通常初入行的新人都會由通宵節目做起,獨自面對不同突發狀況,當作試煉。但對斌仔而言,縱使他也曾主持不少其他早晨或下午節目,但他卻始終認為深宵節目才是自己的天地,早上的節目資訊性較強,且大家可能都忙於工作,不會像深夜收聽節目時那麼專心和放鬆,那時候大家即將入睡,更容易敞開心扉與主持人交流。由零八年開始主持「有冇搞錯」至今天的「C Hing祠堂」,當初由跟隨者到現時帶領者的角色,斌仔經歷的甜酸苦辣實在多不勝數。
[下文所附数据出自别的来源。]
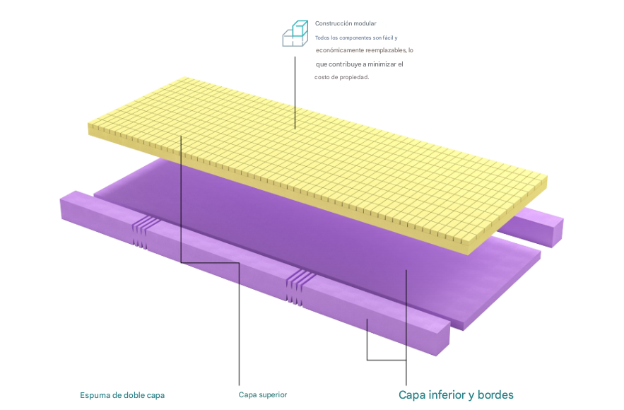 Espuma de alta densidad de 35 kg/m³, que proporciona soporte adicional en los bordes y mejora la estabilidad de los mismos durante la entrada y salida del paciente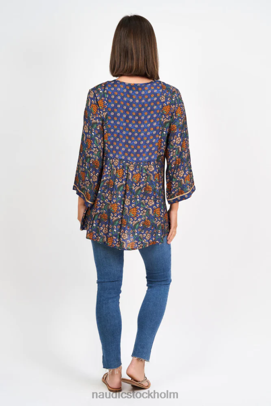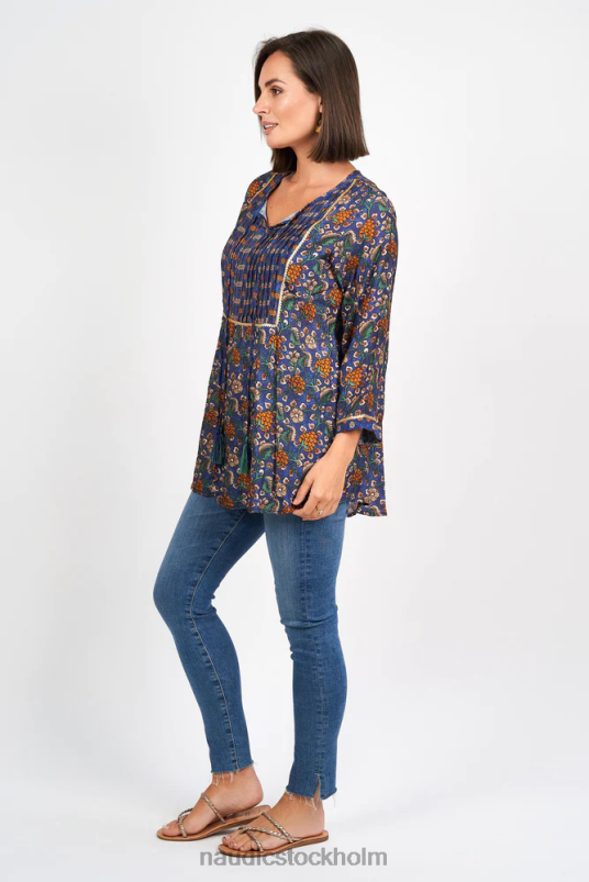 denna cypriati-topp är en del av vår utsökta vintagekollektion och har de intrikata blommorna och varma färgerna i vårt madisontryck. kontrasterande instickning på framsidan av livstycket och guldkanter gör detta till en perfekt topp att bära hela dagen och in i den svalare kvällen.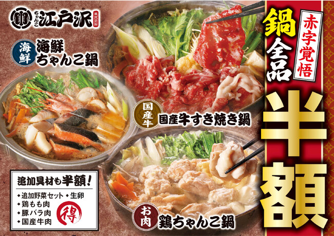 日本の優れた食文化として素材ひとつひとつにこだわり、伝統の味をご提供する「ちゃんこ江戸沢」が10 月、全店にて1 日限りの鍋メニュー全品、半額セールを実施いたします。それぞれ基本12 品目の具材(※)に国産牛肩ロースを加えた「国産牛すき焼き鍋」、鶏つみれ・鶏もも肉を加えた「鶏ちゃんこ鍋」、鶏つみれ・ホタテ・イカ・鮭・白身魚を加えた海の幸たっぷりの「海鮮ちゃんこ鍋」の3 種です。また、「ちゃんこ鍋」では鍋本来のスープ炊きにこだわり、深みがあり、旨味の強い老鶏(ひねどり)からスープを炊き出しています。その味付けは、鶏がらスープの旨味と香りが感じられるように、独自の割合で配合した自慢の醤油味をはじめ、味噌味・塩味の3 つのスープをご用意いたしました。地域のお客様ならびに、日頃よりご愛顧を頂いているお客様へ感謝の気持ちを込めた「秋の大感謝祭」どうぞ皆さまのご来店をお待ちしております。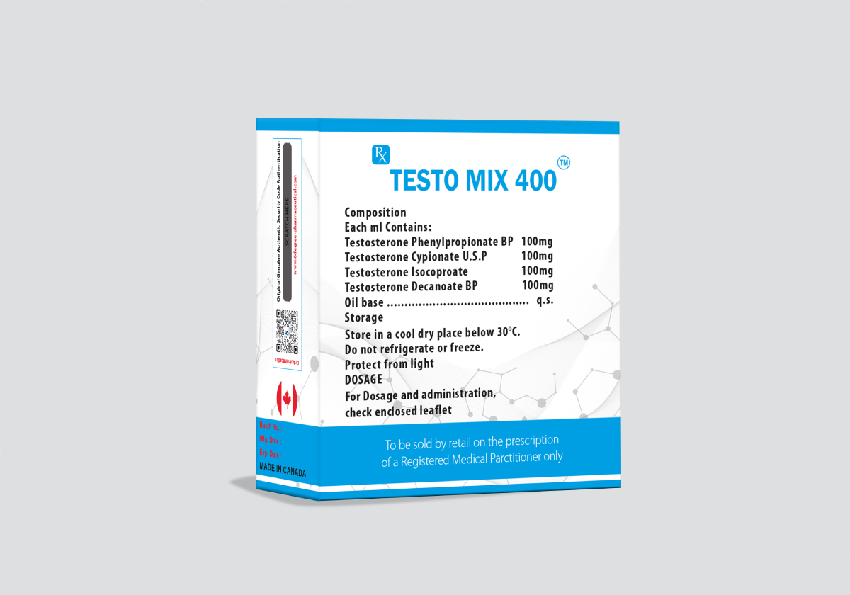 TESTO MIX 400™ is used to replace testosterone in the body to treat various male sexual problems, for example: After castration or a similar problem called eunuchoidism, decreased sex drive, Impotence caused by hormonal disorders, Infertility caused by low sperm count, Bone loss caused by low hormone levels, looking to enhance your physical performance and muscle gains? TESTO MIX offering you a powerful testosterone mix that has been favored by athletes and bodybuilders worldwide. a blend of four different testosterone esters, provides both immediate and long-lasting effects, making it a versatile choice for various cycles. Testosterone MIX 400mg/ml Each box contains: Box – 10 Ampules of 1ml PILs Patient Information Leaflet.

對曾主持「晨光第一線」一段長時間的梓維來說,早上說話要快狠準,打醒十二分精神,晚上的節奏則可稍為放慢點,做自己多一點。阿一則有不同的看法,他不太認為晚間節目需有晚間節目的氣氛,那些感性的晚間節目如「音樂情人」已經存在,而且還很出色,與其與前輩比較,不如「人做我不做,殺出新血路」。以前主持人的身分對聽眾而言可謂是具權威性的,主持有責任和需要為聽眾提供資訊,但現在資訊發達流通,聽眾可以於其他途徑獲得資訊。提供資訊、教育和娛樂,鹹魚青菜的比例多少會有改變,聽眾們收聽他們三個的節目也許不會獲益良多,也許只是在睡前笑一笑。

對兼任舞台劇演員的梓維來說,他認為演員有時候很被動,難以判斷觀眾是喜歡你還是你演的角色。相反,主持主導屬於自己的表現方式,不是在扮演其他人,也不能扮演其他人,主持人就是在演繹自己,聽眾喜歡的、不喜歡的,也是這個真實的自己。

給kidults讀者的話

今天我對他們說廣播業正在式微,不久的將來或許就有另一個小記者對我說Youtube是老一輩的玩意。現在大部分人都喜歡看新資訊,所以最有效接觸新受眾的方法可能是透過各大社交媒體,那就變啊!時間在走,不變就會被淘汰,只要把人們喜歡的話題元素加入節目當中,吸引他們將習慣改變,廣播還是會有它的生存空間。

對我而言,我會覺得廣播有着它不能被取締的特色,喜歡的人自然就會懂得收聽,新一代人不懂欣賞是他們的損失,我還是為自己有機會接觸和熱愛這媒介感自豪呢!